[Data records]

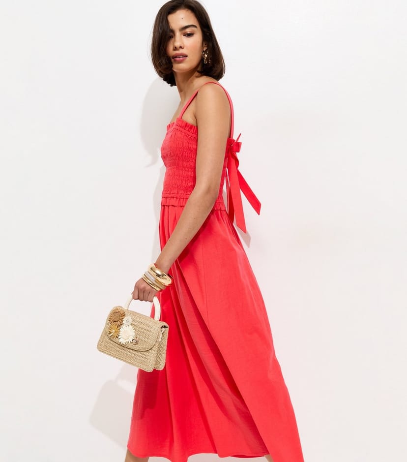 The New Look Dark Coral Cotton Midi Dress is available in sizes 10, 12, 14, 16, 18, 20, 22, 6.
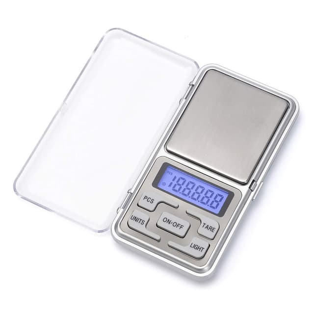 Den lille skalaen kan brukes til mat, salater, perler, mynter, smykker, gull, jernvarer, krydder osv. Vekten er laget av slitesterkt rustfritt stål og kommer med et gjennomsiktig plastlokk som beskytter mot støv og sørger for at ingen knapper er presset ved en feiltakelse. Vekten kalibrerer seg automatisk og håndterer alle formål opptil 500 g. I tillegg til den normale veiingsfunksjonen, kan vekten også tarere (trekke vekten av beholderen) og beregne antall deler i veiingen, f.eks. hvor mange binders du veier. Du kan bruke innstillingene til å vise vekten i fire forskjellige vektenheter.
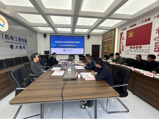 (通讯员 杨娟)3月20日,校党委书记汪伟、学校办公室主任但继恩到机电工程学院,就学院重点工作及标志性项目的进展情况展开调研督导。调研会议在学院210会议室举行,由学院党委书记郑玲莉主持,学院班子成员、各系主任以及辅导员代表参会。
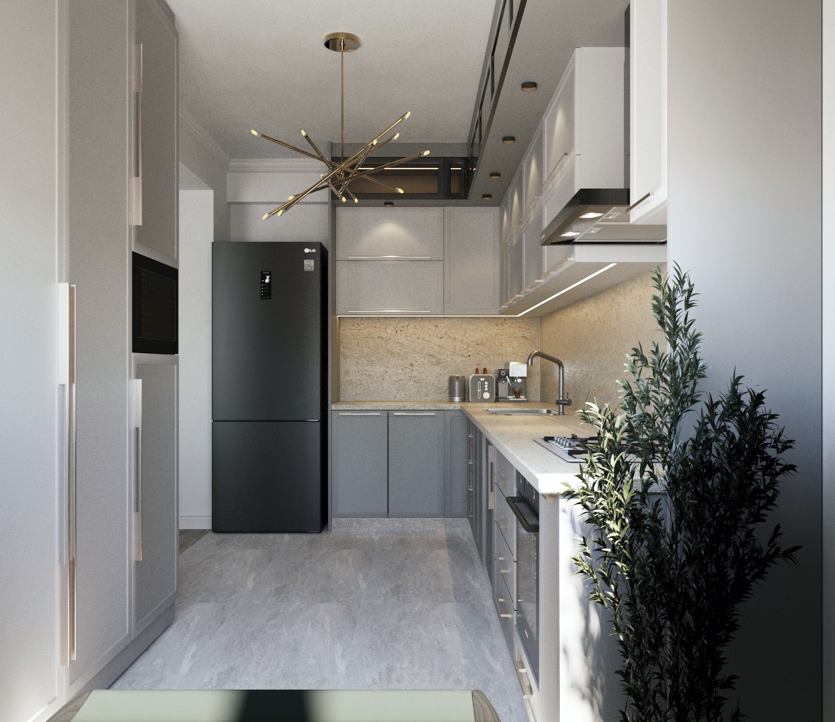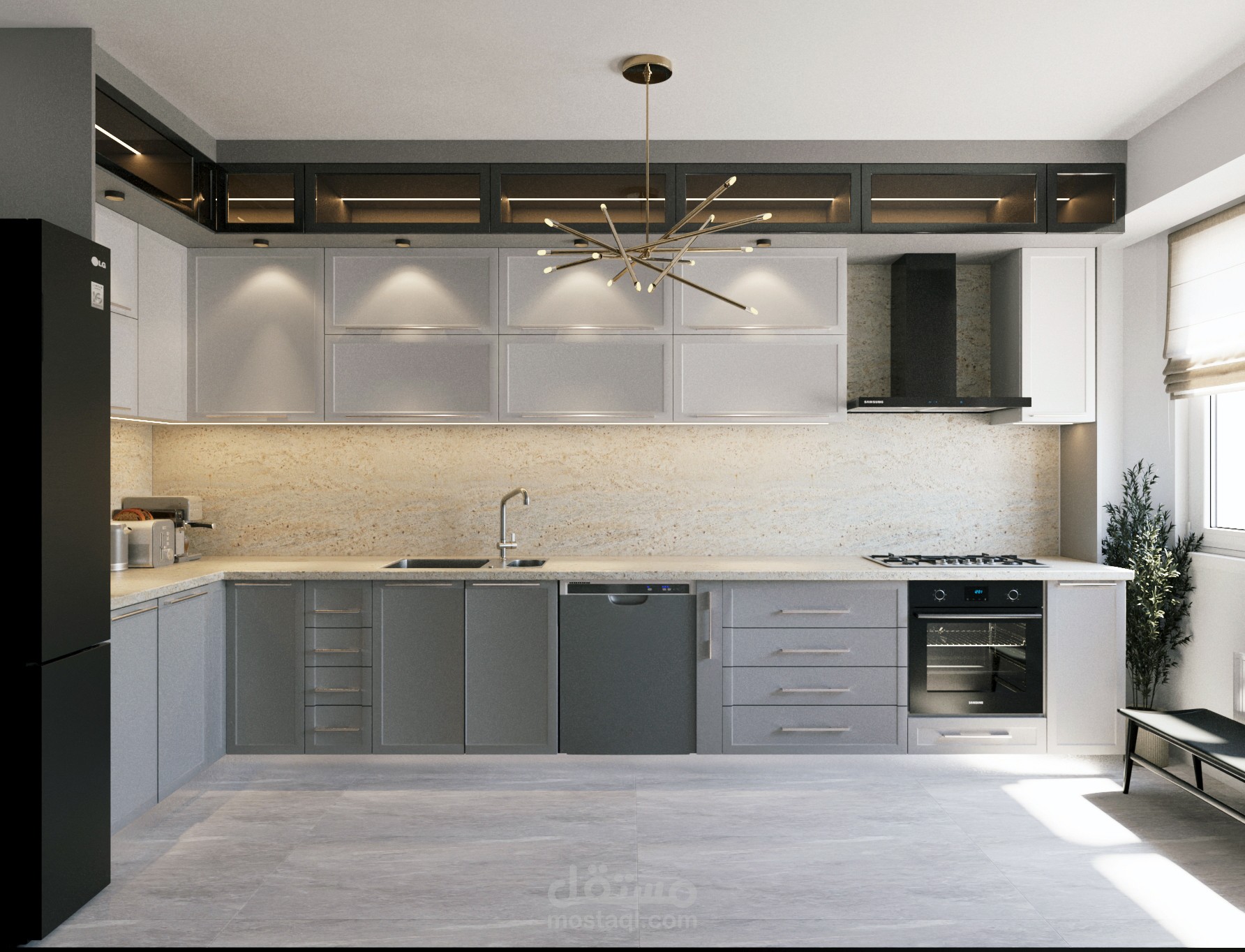 جاء تصميم المطبخ على شكل حرف L لتحقيق أفضل استغلال للمساحة وتوفير حركة انسيابية أثناء الطهي. تم توزيع وحدات التخزين والأجهزة المنزلية بشكل مدروس لتأمين سهولة الوصول، مع واجهات عصرية بألوان محايدة هادئة تعكس الإضاءة الطبيعية وتمنح الفراغ إحساسًا بالاتساع. أسطح العمل اختيرت بخامات متينة وعملية لمقاومة الاستخدام اليومي.
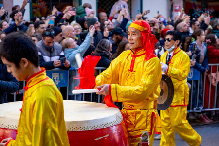 Chinese citizens celebrating Lunar New Year in the streets during public festivities marking the Year of the Horse in 2026. Cultural tradition and community event.

- The task -
Copy every line above exactly, leaving no picture in the copy.

- The answer -
 The New Look Dark Coral Cotton Midi Dress is available in sizes 10, 12, 14, 16, 18, 20, 22, 6.
 Den lille skalaen kan brukes til mat, salater, perler, mynter, smykker, gull, jernvarer, krydder osv. Vekten er laget av slitesterkt rustfritt stål og kommer med et gjennomsiktig plastlokk som beskytter mot støv og sørger for at ingen knapper er presset ved en feiltakelse. Vekten kalibrerer seg automatisk og håndterer alle formål opptil 500 g. I tillegg til den normale veiingsfunksjonen, kan vekten også tarere (trekke vekten av beholderen) og beregne antall deler i veiingen, f.eks. hvor mange binders du veier. Du kan bruke innstillingene til å vise vekten i fire forskjellige vektenheter.
 (通讯员 杨娟)3月20日,校党委书记汪伟、学校办公室主任但继恩到机电工程学院,就学院重点工作及标志性项目的进展情况展开调研督导。调研会议在学院210会议室举行,由学院党委书记郑玲莉主持,学院班子成员、各系主任以及辅导员代表参会。
 جاء تصميم المطبخ على شكل حرف L لتحقيق أفضل استغلال للمساحة وتوفير حركة انسيابية أثناء الطهي. تم توزيع وحدات التخزين والأجهزة المنزلية بشكل مدروس لتأمين سهولة الوصول، مع واجهات عصرية بألوان محايدة هادئة تعكس الإضاءة الطبيعية وتمنح الفراغ إحساسًا بالاتساع. أسطح العمل اختيرت بخامات متينة وعملية لمقاومة الاستخدام اليومي.
 Chinese citizens celebrating Lunar New Year in the streets during public festivities marking the Year of the Horse in 2026. Cultural tradition and community event.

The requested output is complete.